• Task statement: Extract the stretch of lines that starts at the line with "РЕЗУЛЬТАТИ ВСТУПНОГО ЕКЗАМЕНУ" and ends at the last line of the data below. Give it exactly, without pictures.

Stored dataset items
____________

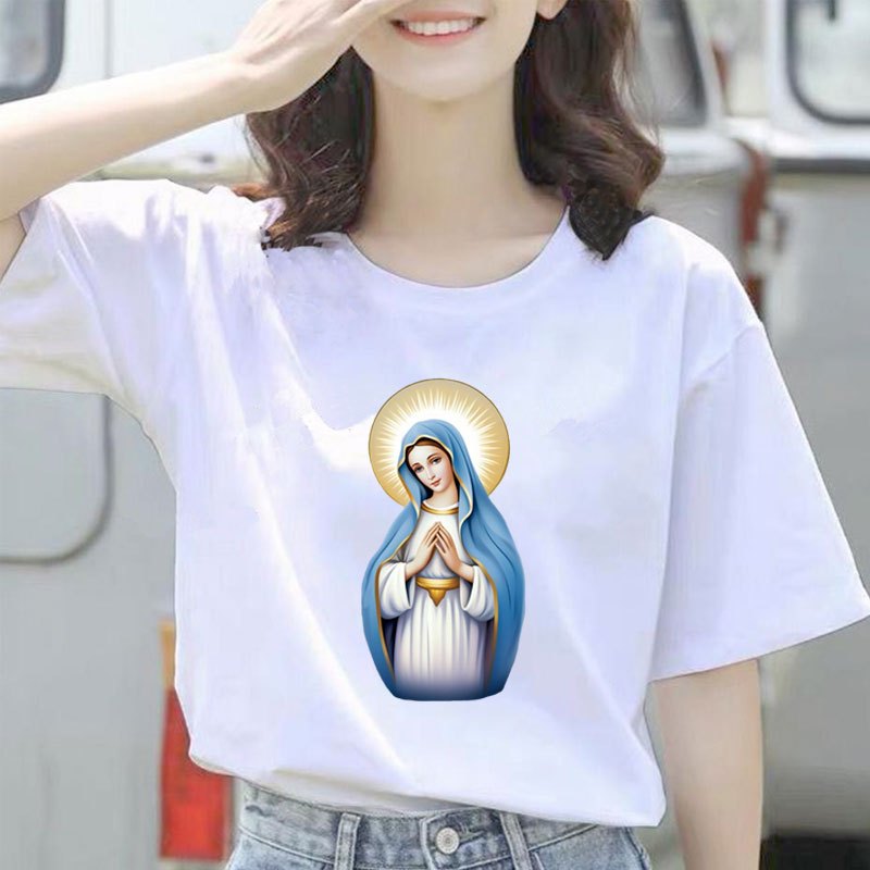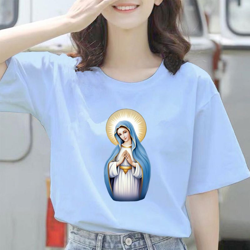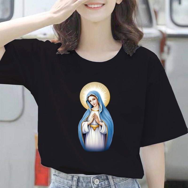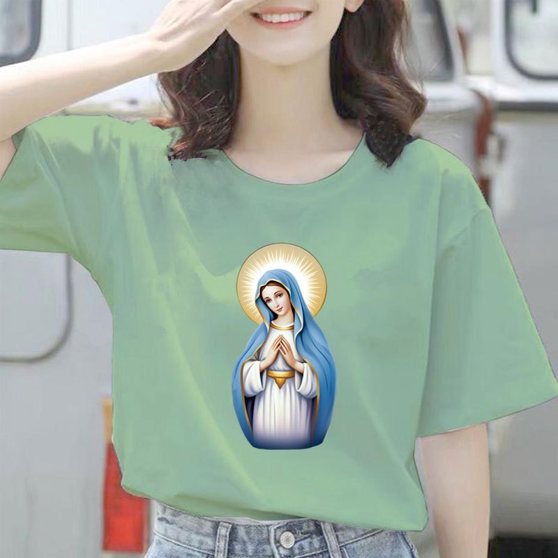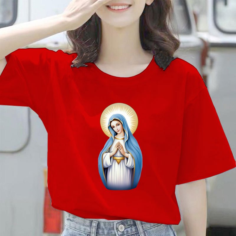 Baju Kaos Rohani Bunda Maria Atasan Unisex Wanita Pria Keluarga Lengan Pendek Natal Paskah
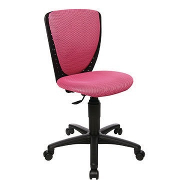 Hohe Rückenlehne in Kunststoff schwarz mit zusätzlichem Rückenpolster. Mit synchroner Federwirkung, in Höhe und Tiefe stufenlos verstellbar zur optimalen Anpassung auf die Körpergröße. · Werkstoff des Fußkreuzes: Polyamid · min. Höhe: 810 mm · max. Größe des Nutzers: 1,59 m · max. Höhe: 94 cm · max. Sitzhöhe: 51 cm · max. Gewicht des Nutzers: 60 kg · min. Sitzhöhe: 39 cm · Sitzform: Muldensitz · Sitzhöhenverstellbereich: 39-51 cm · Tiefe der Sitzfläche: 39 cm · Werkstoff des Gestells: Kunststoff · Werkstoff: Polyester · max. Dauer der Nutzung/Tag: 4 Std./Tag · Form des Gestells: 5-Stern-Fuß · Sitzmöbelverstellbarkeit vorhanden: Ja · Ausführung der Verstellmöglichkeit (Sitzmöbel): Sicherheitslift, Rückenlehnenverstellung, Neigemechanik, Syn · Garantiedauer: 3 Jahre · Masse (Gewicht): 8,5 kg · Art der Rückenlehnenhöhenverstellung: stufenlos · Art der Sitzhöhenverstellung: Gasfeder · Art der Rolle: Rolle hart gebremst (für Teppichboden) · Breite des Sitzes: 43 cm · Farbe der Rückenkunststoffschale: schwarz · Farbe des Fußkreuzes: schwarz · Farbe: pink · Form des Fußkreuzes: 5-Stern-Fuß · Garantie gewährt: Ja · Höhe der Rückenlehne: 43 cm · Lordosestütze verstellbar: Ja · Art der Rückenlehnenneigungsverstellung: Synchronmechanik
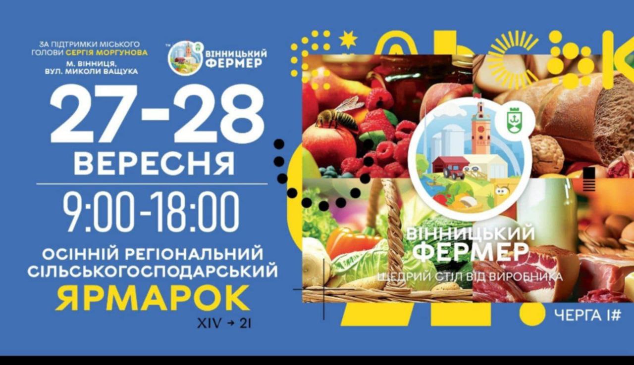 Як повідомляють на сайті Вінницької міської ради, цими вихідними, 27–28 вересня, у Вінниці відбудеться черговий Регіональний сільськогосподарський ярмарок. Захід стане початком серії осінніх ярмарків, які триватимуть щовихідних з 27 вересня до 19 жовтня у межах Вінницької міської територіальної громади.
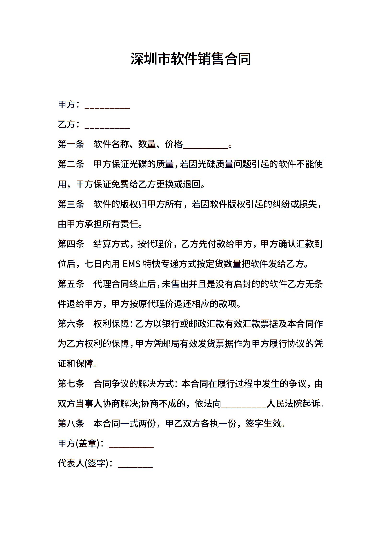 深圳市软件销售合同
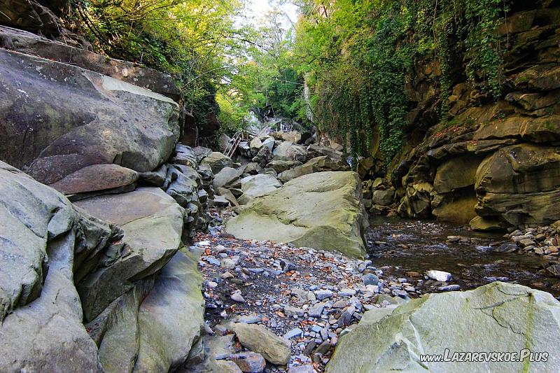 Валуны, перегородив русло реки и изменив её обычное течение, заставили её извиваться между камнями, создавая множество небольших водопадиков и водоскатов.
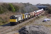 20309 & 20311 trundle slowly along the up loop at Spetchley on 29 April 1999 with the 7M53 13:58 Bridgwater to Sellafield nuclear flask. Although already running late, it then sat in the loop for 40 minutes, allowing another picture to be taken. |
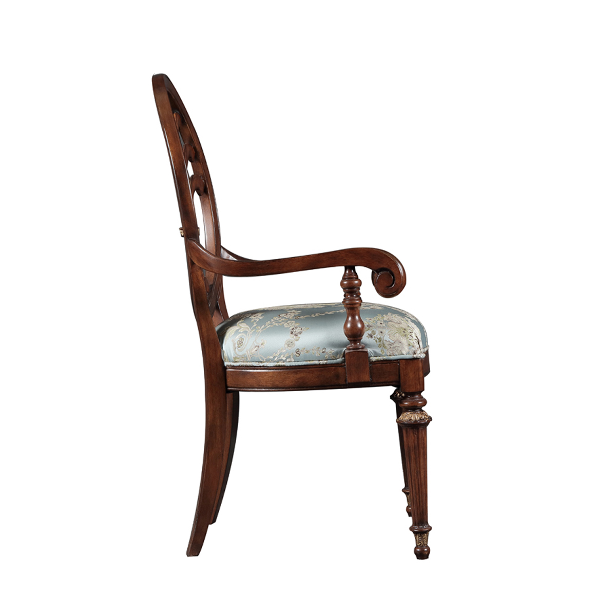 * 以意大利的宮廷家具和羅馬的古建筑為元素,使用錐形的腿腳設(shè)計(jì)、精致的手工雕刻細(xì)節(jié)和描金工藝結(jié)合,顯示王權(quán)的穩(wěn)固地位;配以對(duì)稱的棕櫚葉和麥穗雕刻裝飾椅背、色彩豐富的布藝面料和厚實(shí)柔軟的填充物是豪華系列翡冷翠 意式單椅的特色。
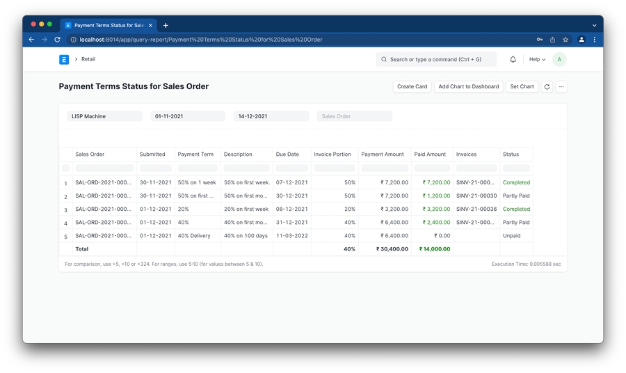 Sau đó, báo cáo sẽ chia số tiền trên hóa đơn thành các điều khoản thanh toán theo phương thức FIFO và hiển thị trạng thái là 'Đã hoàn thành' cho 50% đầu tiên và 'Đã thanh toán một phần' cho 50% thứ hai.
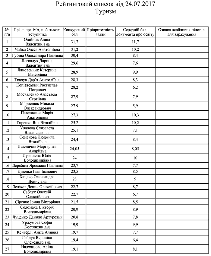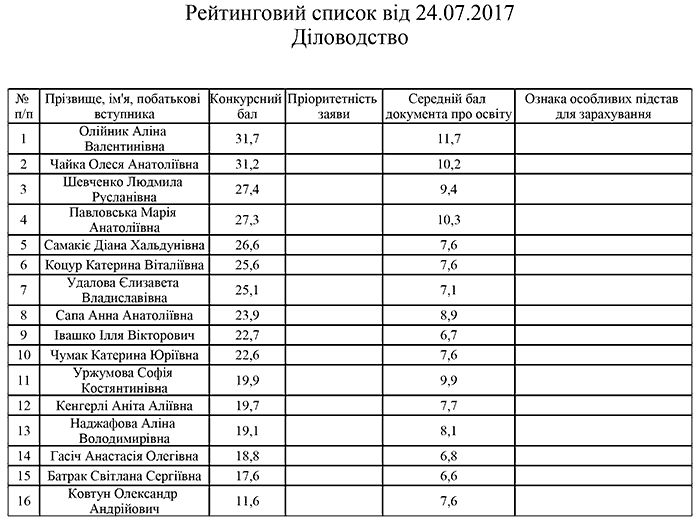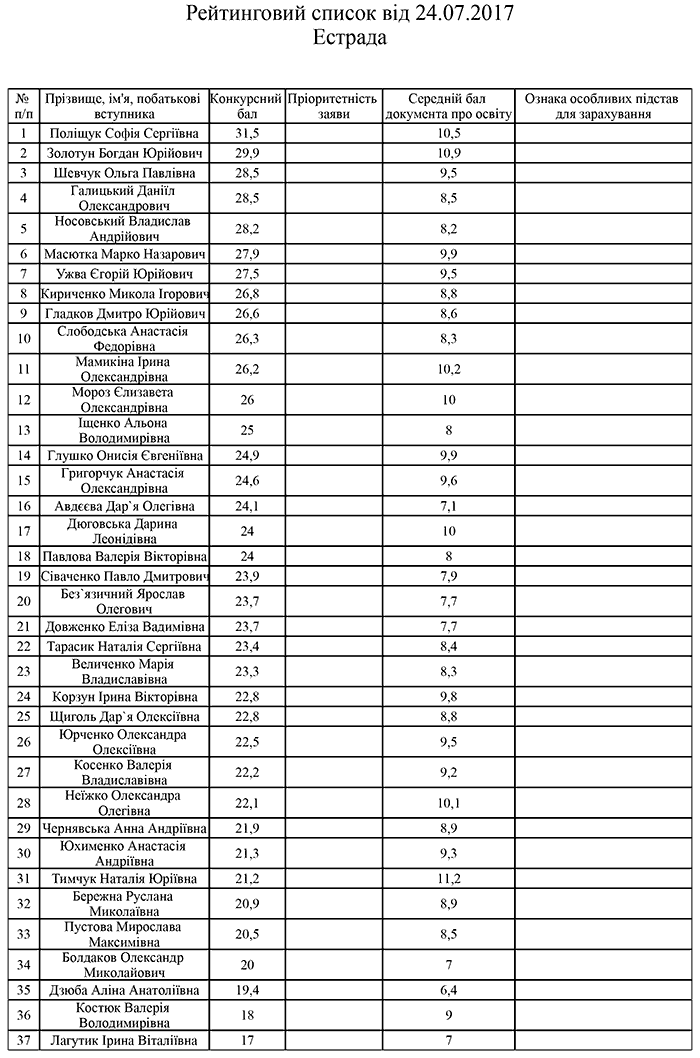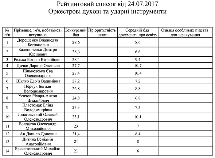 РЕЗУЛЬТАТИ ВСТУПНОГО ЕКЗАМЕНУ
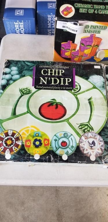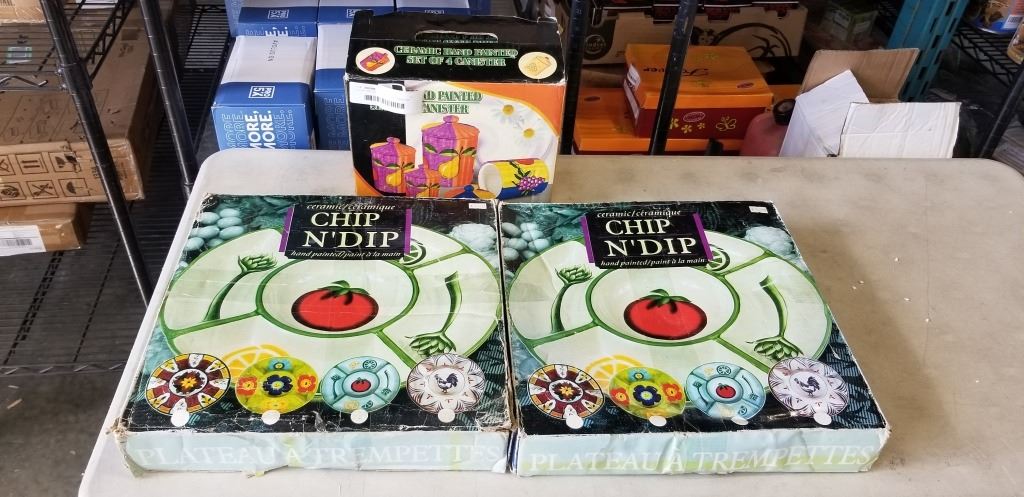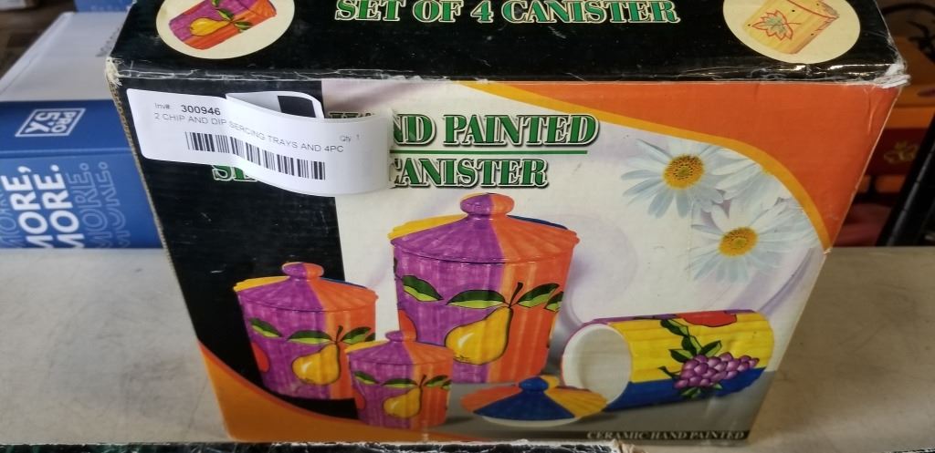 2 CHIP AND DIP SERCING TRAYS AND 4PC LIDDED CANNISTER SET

____________

• Exercise output:
 РЕЗУЛЬТАТИ ВСТУПНОГО ЕКЗАМЕНУ
 2 CHIP AND DIP SERCING TRAYS AND 4PC LIDDED CANNISTER SET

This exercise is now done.